BED files are plain text, tab-delimited files which list genomic coordinates. These files may be used to explore design targets and to assess capture performance within the targeted regions. The first 3 columns are chromosome or sequence name, target start (0-based), and target end (1-based). For selected SeqCap EZ designs, the fourth column of primary and capture target BED files shows associated gene annotation for each genomic region.
BED files can be imported into Microsoft Excel as tab-delimited text or visualized using the SignalMap software.

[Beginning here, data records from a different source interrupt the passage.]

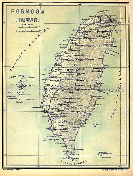 有趣的是,因為是有種類似鳥瞰圖的畫法,因為「俯瞰角度與方向?」的關係,其中當時的台灣被「倒著」畫了出來,且形狀被壓縮成,你我可能不太認識的台灣:)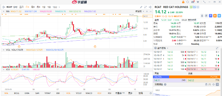 美股无人机概念股盘初集体冲高,Red Cat涨超20%,Unusual Machines涨超7%,Ondas Holdings、Archer Aviation涨超4%。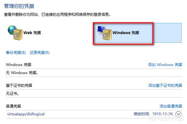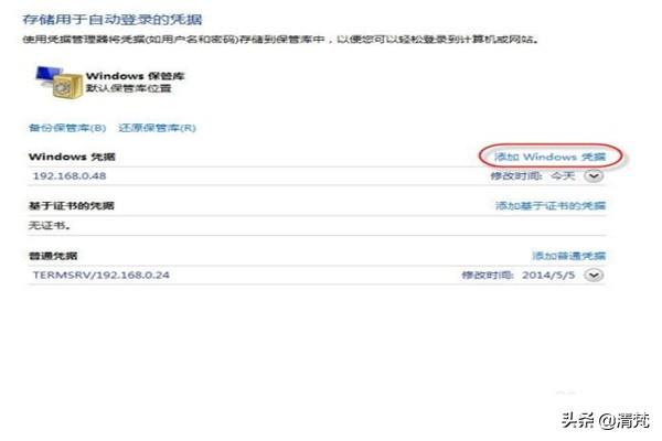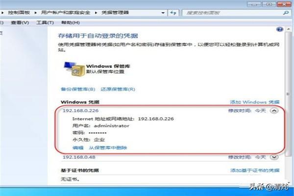 6.这样设置好后,可以在“凭证管理器”中查看到刚才添加的凭证。

The following files are included in the downloadable zip file:
- SeqCap_EZ_ExomeV3_Plus_UTR_hg19_primary_annotated.bed: This file contains the design primary target (unpadded) in hg19 coordinates and gene annotation in the 4th column.
- SeqCap_EZ_ExomeV3_Plus_UTR_hg19_capture_annotated.bed: This file contains coordinates showing the probe footprint with no padding in hg19 coordinates.
- SeqCap_EZ_ExomeV3_Plus_UTR_hg19_UCSCBrowser.bed: This file is for viewing target coordinates in the UCSC Genome Browser.
- SeqCap_EZ_ExomeV3_Plus_UTR_hg19_coverage_summary: This file describes the primary target size, the percentage of primary target bases directly covered by one or more probes (“Probe_Coverage”), and the percentage of primary target bases with estimated sequencing coverage for typical results (“Estimated_Coverage”).